Record excerpts →
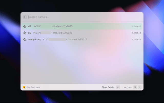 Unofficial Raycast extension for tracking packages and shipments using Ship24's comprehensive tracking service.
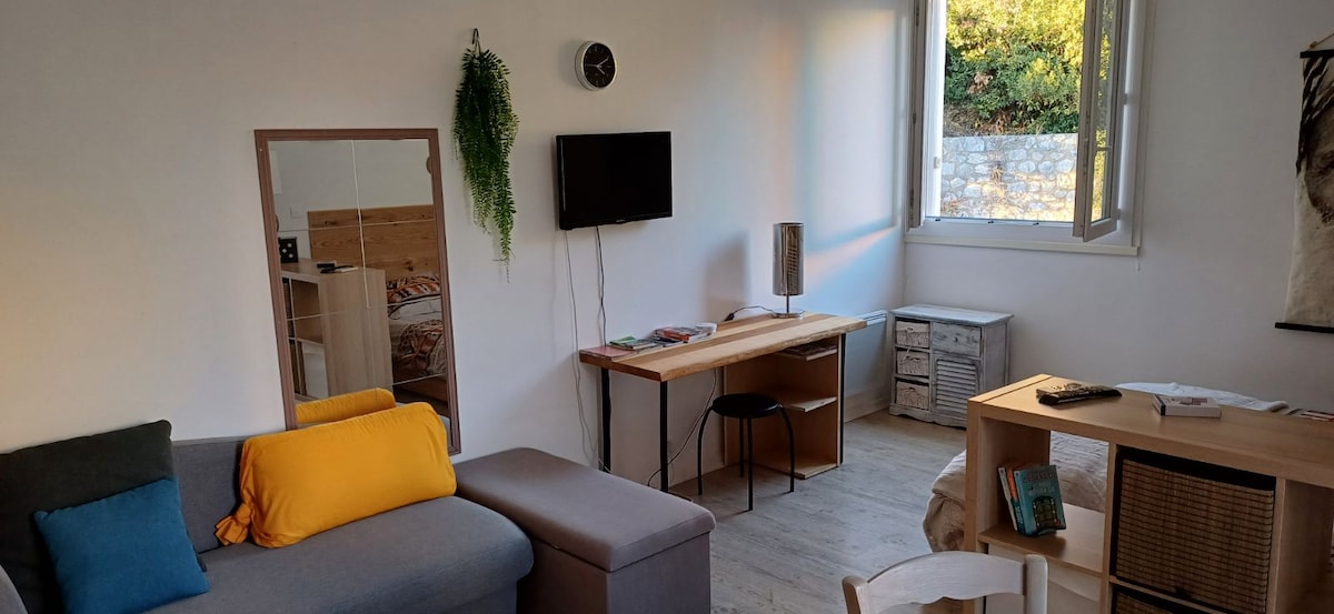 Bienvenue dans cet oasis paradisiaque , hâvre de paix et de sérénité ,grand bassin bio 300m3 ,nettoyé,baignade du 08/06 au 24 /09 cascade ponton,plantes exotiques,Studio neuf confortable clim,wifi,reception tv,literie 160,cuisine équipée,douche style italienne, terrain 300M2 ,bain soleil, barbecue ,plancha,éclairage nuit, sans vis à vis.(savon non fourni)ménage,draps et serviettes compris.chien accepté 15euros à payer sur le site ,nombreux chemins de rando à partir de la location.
...
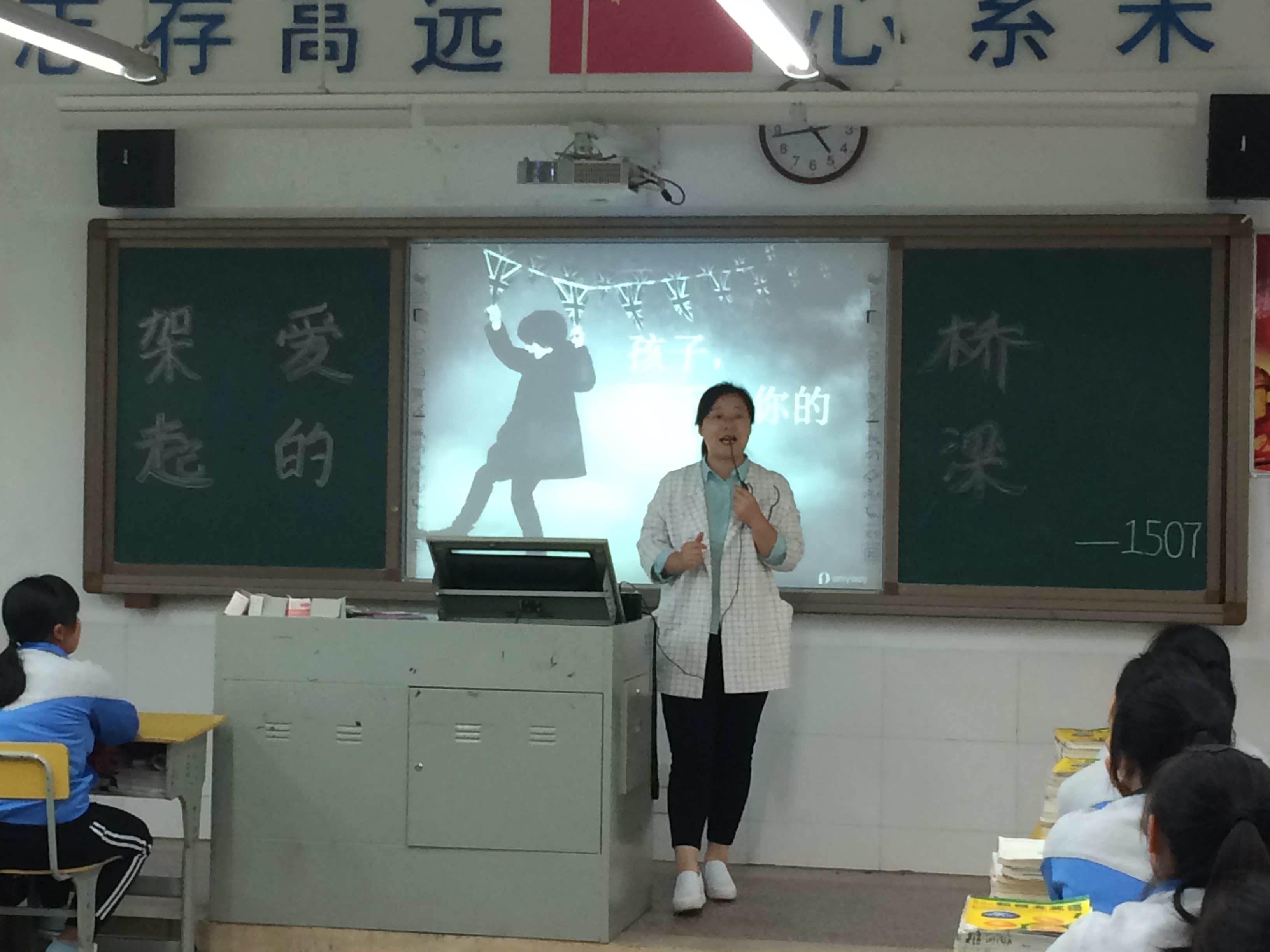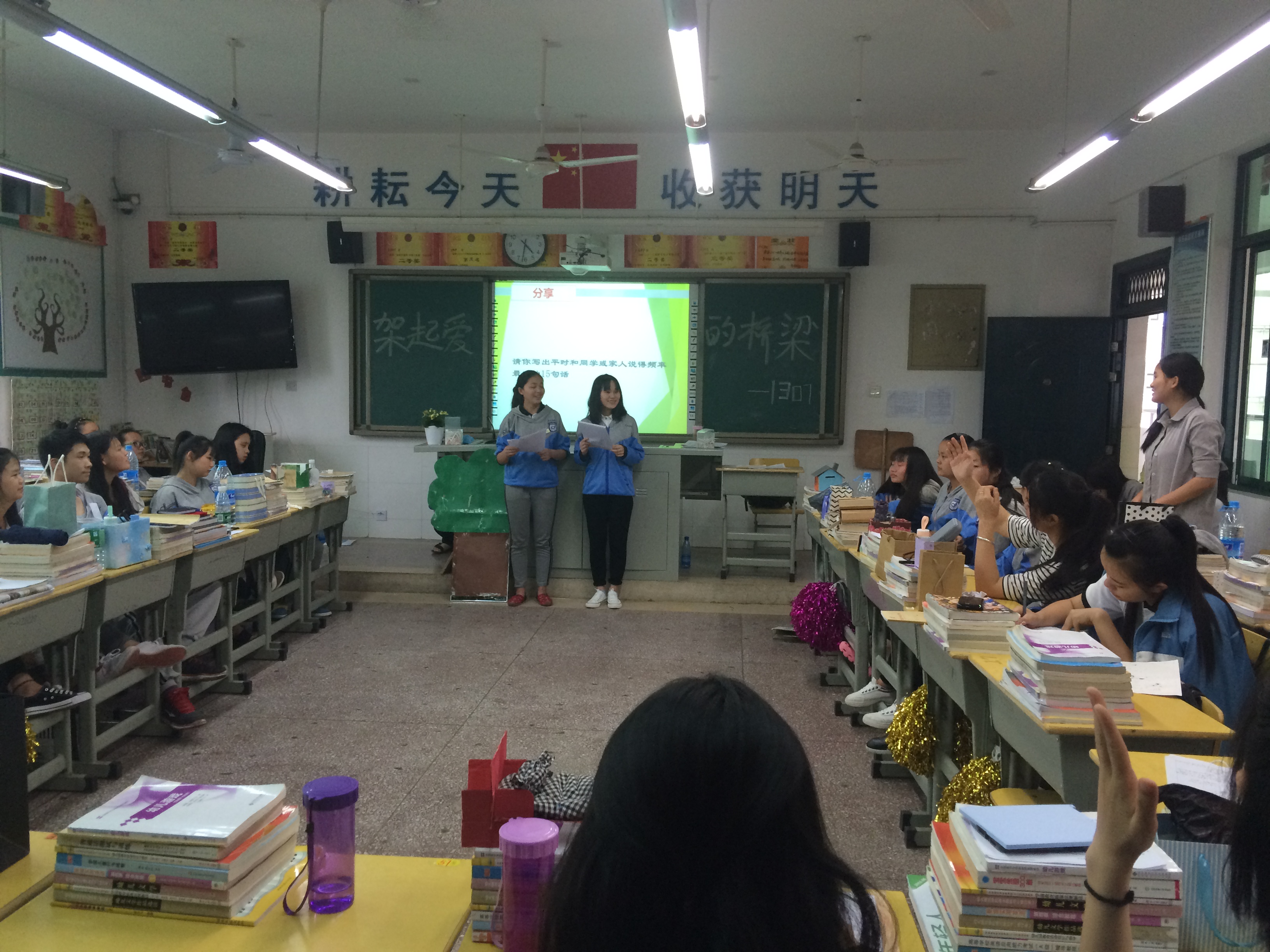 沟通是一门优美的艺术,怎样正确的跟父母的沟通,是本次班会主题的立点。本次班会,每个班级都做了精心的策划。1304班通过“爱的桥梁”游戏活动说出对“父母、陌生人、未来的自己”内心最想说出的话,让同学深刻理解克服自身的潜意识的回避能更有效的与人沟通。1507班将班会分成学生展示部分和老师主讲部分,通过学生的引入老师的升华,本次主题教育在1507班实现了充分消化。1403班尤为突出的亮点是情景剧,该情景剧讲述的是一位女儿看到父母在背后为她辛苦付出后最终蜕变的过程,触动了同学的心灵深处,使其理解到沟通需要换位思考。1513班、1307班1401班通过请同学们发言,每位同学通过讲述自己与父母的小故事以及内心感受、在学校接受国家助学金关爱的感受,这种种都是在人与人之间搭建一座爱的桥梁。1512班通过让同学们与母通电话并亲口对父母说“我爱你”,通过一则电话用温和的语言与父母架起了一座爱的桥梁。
...
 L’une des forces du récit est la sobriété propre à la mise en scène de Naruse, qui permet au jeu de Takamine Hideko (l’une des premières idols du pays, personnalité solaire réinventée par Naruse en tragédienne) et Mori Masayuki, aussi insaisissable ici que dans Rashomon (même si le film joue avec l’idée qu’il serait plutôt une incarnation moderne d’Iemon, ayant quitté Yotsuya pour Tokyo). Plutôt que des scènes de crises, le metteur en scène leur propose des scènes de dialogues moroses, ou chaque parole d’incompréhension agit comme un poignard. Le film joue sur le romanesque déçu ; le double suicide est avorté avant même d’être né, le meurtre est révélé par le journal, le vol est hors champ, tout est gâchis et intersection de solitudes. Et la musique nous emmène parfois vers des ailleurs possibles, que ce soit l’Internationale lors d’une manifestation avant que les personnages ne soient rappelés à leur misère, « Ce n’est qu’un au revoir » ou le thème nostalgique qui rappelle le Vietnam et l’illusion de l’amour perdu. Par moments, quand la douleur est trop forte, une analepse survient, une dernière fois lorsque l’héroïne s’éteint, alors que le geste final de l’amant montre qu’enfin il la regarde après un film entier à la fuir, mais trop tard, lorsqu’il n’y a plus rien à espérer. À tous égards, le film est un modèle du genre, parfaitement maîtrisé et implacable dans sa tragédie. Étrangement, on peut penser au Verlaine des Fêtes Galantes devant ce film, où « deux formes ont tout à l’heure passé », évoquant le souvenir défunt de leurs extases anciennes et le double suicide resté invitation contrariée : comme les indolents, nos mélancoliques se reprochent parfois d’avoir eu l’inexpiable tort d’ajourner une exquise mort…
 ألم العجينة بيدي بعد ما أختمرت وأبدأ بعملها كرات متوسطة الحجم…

Directions → Please print the lines above word for word, starting at the one with "Unofficial Raycast extension" and ending at the one with "Bienvenue dans cet", both included, and without any picture.

Written reply →
 Unofficial Raycast extension for tracking packages and shipments using Ship24's comprehensive tracking service.
 Bienvenue dans cet oasis paradisiaque , hâvre de paix et de sérénité ,grand bassin bio 300m3 ,nettoyé,baignade du 08/06 au 24 /09 cascade ponton,plantes exotiques,Studio neuf confortable clim,wifi,reception tv,literie 160,cuisine équipée,douche style italienne, terrain 300M2 ,bain soleil, barbecue ,plancha,éclairage nuit, sans vis à vis.(savon non fourni)ménage,draps et serviettes compris.chien accepté 15euros à payer sur le site ,nombreux chemins de rando à partir de la location.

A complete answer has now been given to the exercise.